Il est justifié de la radiation de la demande de logement locatif social effectuée le 26 janvier 2021, renouvelée le 14 novembre 2022 par l’époux de la demanderesse, Monsieur [T] [V], et que ce dernier a effectué une nouvelle demande le 27 janvier 2025.
L’indemnité d’occupation courante s’élève à la somme mensuelle de 880,13 €. La dette locative arrêtée au 14 mars 2025, échéance de mars 2025 incluse, s’élève à la somme de 2 766,20 €. Il est justifié de versements mensuels réguliers entre le 4 septembre 2024 et le 10 mars 2025 à hauteur de 5 275 €, étant observé que des versements émanent de Monsieur [T] [V], selon le relevé de compte produit par le mandataire de gestion des bailleurs.
Force est de constater que les démarches de relogement de la demanderesse sont tardives et insuffisantes, que si la dette locative a continué à augmenter, ses efforts pour apurer la dette locative sont réels et importants eu égard aux derniers versements d’un montant respectif de 900 € et 881€ et permettent, alors que le jugement d’expulsion est récent, d’établir sa bonne volonté en tant qu’occupante des lieux, élément indispensable pour justifier l’octroi de délais, pour lui permettre de trouver une solution de relogement. Néanmoins, ces délais devront être limités, l’indemnité d’occupation étant manifestement trop élevée par rapport à ses ressources, et son maintien dans les lieux ne saurait intervenir au détriment des propriétaires légitimes, bailleurs privés, auxquels il ne peut en effet être imposé le risque d’aggravation de la dette locative déjà importante.
Dans ces conditions, il sera accordé à Madame [O] [I] un délai de deux mois pour trouver un nouveau logement conditionné à compter de la notification du présent jugement au minimum au règlement des indemnités mensuelles d’occupation mises à sa charge par jugement du 25 novembre 2024.
Sur les demandes accessoires
En application des articles 696 et 700 du code de procédure civile, la partie perdante est condamnée aux dépens et à payer à l’autre partie une somme que le juge détermine, au titre des frais exposés et non compris dans les dépens.

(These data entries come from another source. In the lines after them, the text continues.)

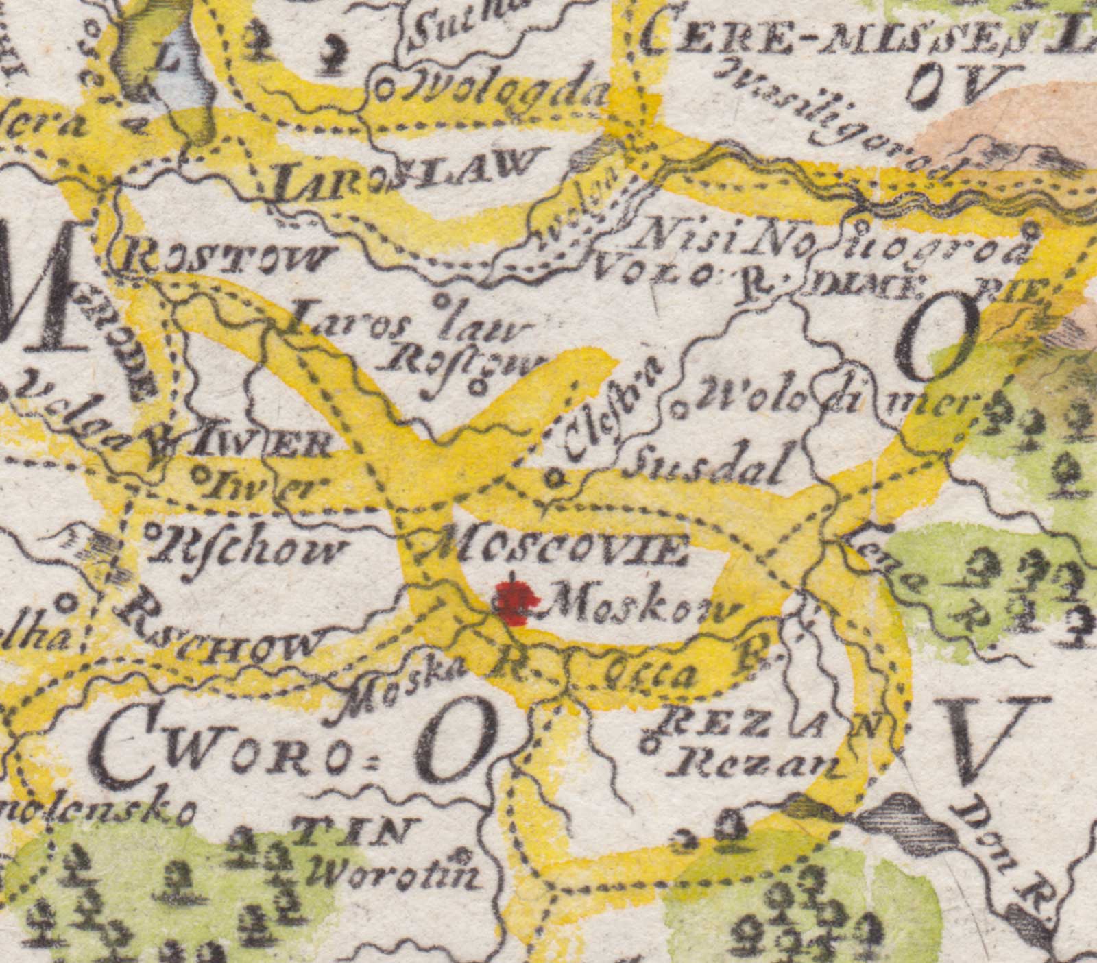 Казанское ханство, входившее в Московию, обозначено как Royavme de Kazan (Казанское Царство), а Астраханское ханство – Royaume d Astrasan (Астраханское царство).
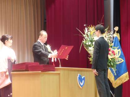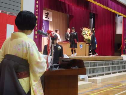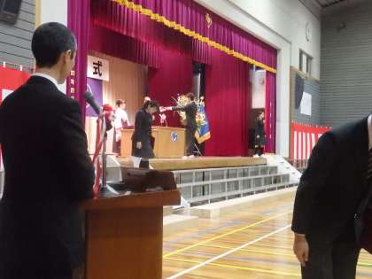 1,2,3組の卒業証書授与の様子です。一人一人が立派に、船橋希望中学校の誇りを胸に証書をもらっています。(田村真)
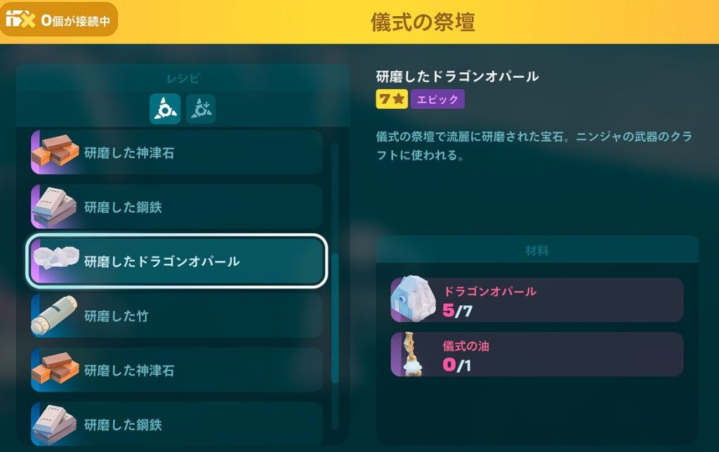 ドラゴンオパールは、ユーティリティ「儀式の祭壇」にて研磨ができます。研磨にはドラゴンオパールのほかに、儀式の油が必要です。
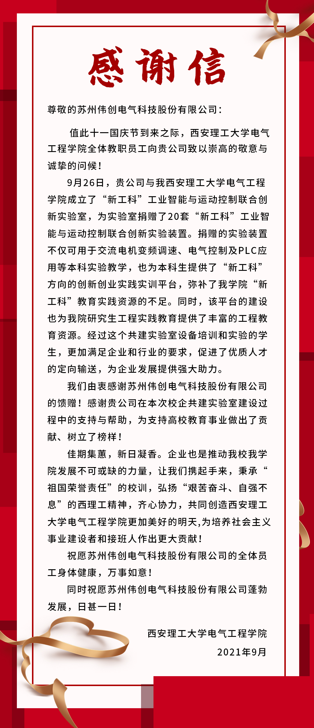 我院致苏州伟创电气科技股份有限公司的感谢信
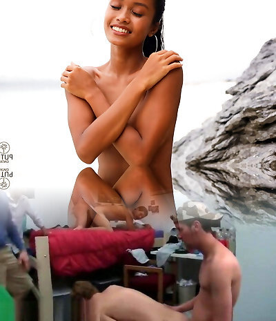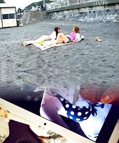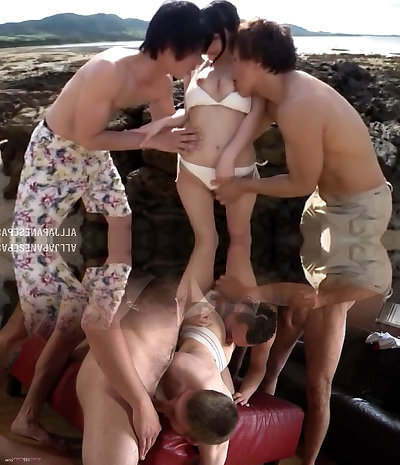 Sleazy youthfull Japanese mega-bitch in crimpal's bf swimsuit is about to have the wildest three-way of her life with two nasty fellows in an outdoor p
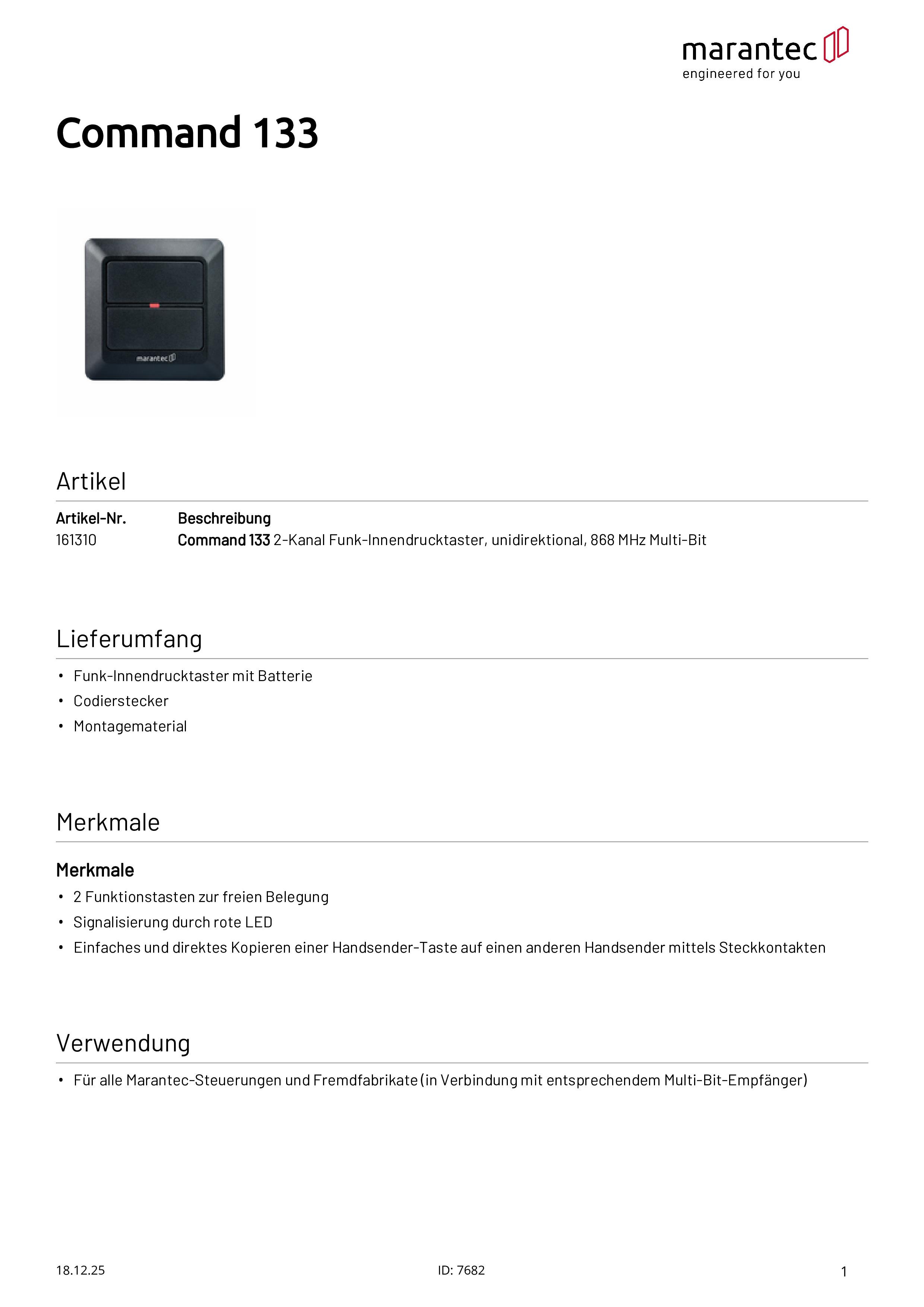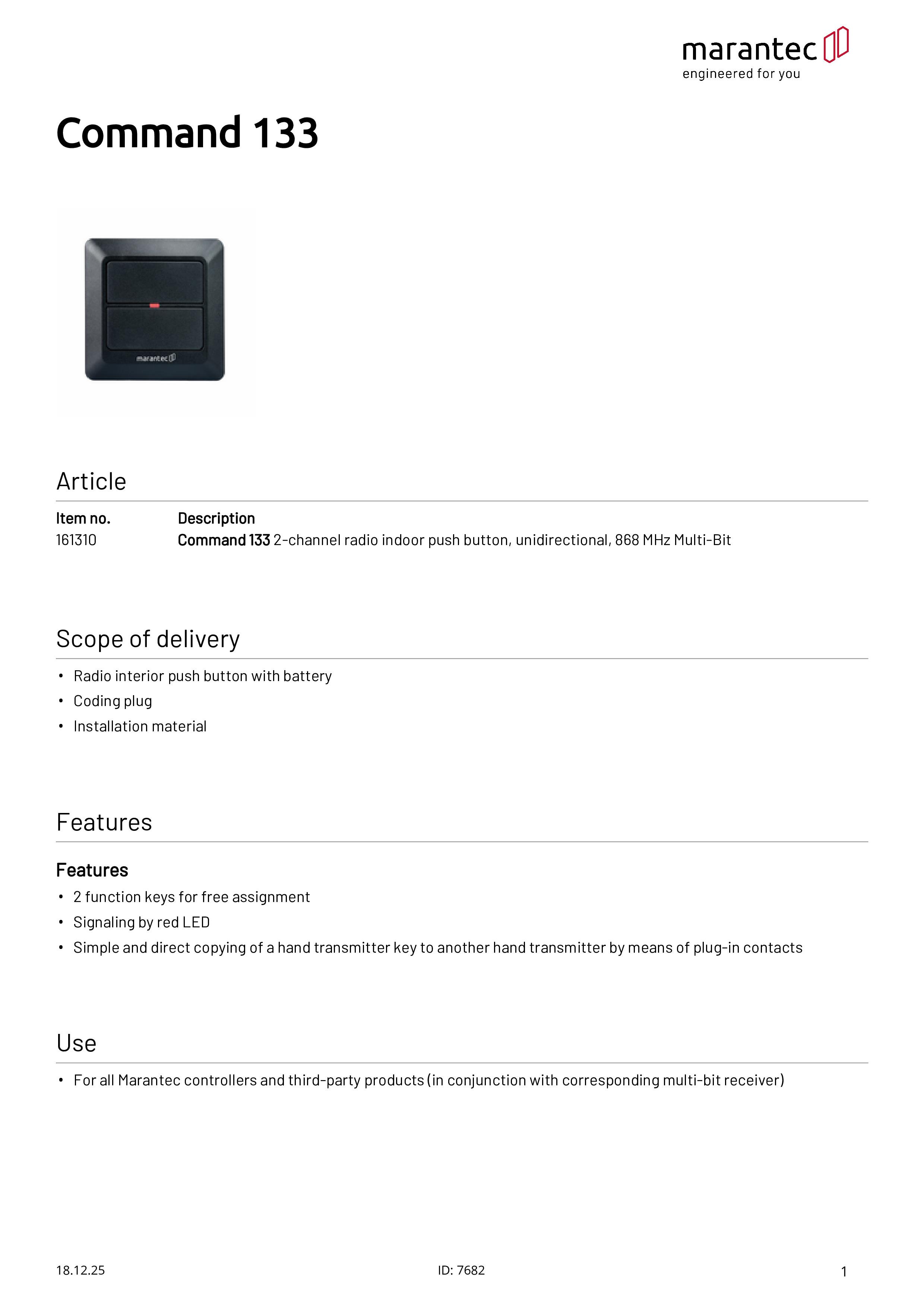 Command 133 Bouton-poussoir radio d'intérieur à 2 canaux, 868 MHz multi-bit

Le juge tient compte de l’équité ou de la situation économique de la partie condamnée.
Eu égard à la nature de la demande, Madame [O] [I] supportera les dépens de l’instance.
L’équité et les situations économiques respectives des parties commandent de ne pas faire application de l’article 700 du code de procédure civile et de débouter Monsieur [D] [H] et Madame [R] [J] épouse [H], ayant pour mandataire de gestion, la société CITYA [Localité 6] IMMOBILIER de leur demande à ce titre.
Il sera rappelé que la présente décision est exécutoire par provision de plein droit.
PAR CES MOTIFS
Le juge de l’exécution, statuant publiquement par jugement mis à disposition au greffe, contradictoire et en premier ressort,
Accorde à Madame [O] [I] un délai de deux mois à compter du prononcé du présent jugement soit jusqu’au 1er juin 2025 pour quitter le logement qu’elle occupe au [Adresse 2] ;
Dit que ces délais sont conditionnés, à compter de la notification régulière, ou le cas échéant de la signification de la présente décision, au paiement à sa date d’exigibilité de l’indemnité d’occupation mensuelle mise à la charge de l’occupant par jugement du juge des contentieux de la protection en date du 25 novembre 2024 et qu’en cas de retard, même partiel de paiement, le bailleur pourra reprendre la procédure d’expulsion sans autre formalité dans les formes et conditions prévues par la loi ;
Rejette la demande formée par Monsieur [D] [H] et Madame [R] [J] épouse [H], ayant pour mandataire de gestion, la société CITYA [Localité 6] IMMOBILIER, au titre des dispositions de l’article 700 du code de procédure civile ;
Condamne Madame [O] [I] aux dépens de l’instance ;
Rappelle le caractère exécutoire par provision de plein droit de la présente décision, par application des dispositions de l’article R 121-21 du code des procédures civiles d’exécution.
En foi de quoi, le présent jugement a été signé aux jour et lieu susdits par le greffier et le juge de l’exécution.